Temporal bone fractures are uncommon but involve many important structures resulting in various diagnostic and therapeutic issues. A large amount of force is required to fracture the temporal bone, so patients present with other injuries that usually take precedence comparatively. Unlike fractures in other head and neck regions, management of temporal bone fractures is pursued to address functional deficits rather than reduction and fixation. Since the temporal bone is non-weight bearing, cosmetic sequelae are rare secondary to this trauma.

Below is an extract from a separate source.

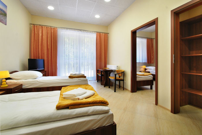 Dysponujemy pokojami 2, 3, 4 osobowymi, wyposażonymi w telewizory, z własnymi łazienkami. Łącznie około 100 miejsc noclegowych. Nasze pokoje wykończone są w wysokim standardzie, w pełni uwzględniają również potrzeby osób niepełnosprawnych. Na terenie ośrodka oferujemy możliwość korzystania z bezprzewodowego Internetu.

However, functional deficits from facial nerve dysfunction can be devastating to a patient from not only a functional perspective but also as a cosmetic issue.
Overall, in the adult population, most temporal bone fractures result from motor vehicle accidents followed by assault and falls. Regarding pediatric patients, 30% result from motor vehicle accidents compared to 60% from falls.
Temporal bone fractures have been reported across all age groups as trauma affects each age group. However, 70% of these fractures occur within the second through fourth decades of life with a 3 to 1 male to female predominance.
Generally, temporal bone fractures are secondary to trauma of some kind. The force required to fracture the temporal bone is 1875 lbs. Temporal bone fractures are no longer classified as longitudinal or transverse but rather otic capsule sparing or otic capsule disrupting.
Otic sparing fractures travel from the squamosal portion of the temporal bone and the posterosuperior wall of the external auditory canal. The fracture passes through the mastoid air cells and middle ear and then fractures the tegmen mastoideum and tegmen tympani, or roof of mastoid air cells or middle ear respectively. These fractures typically result from a blow to the temporoparietal region.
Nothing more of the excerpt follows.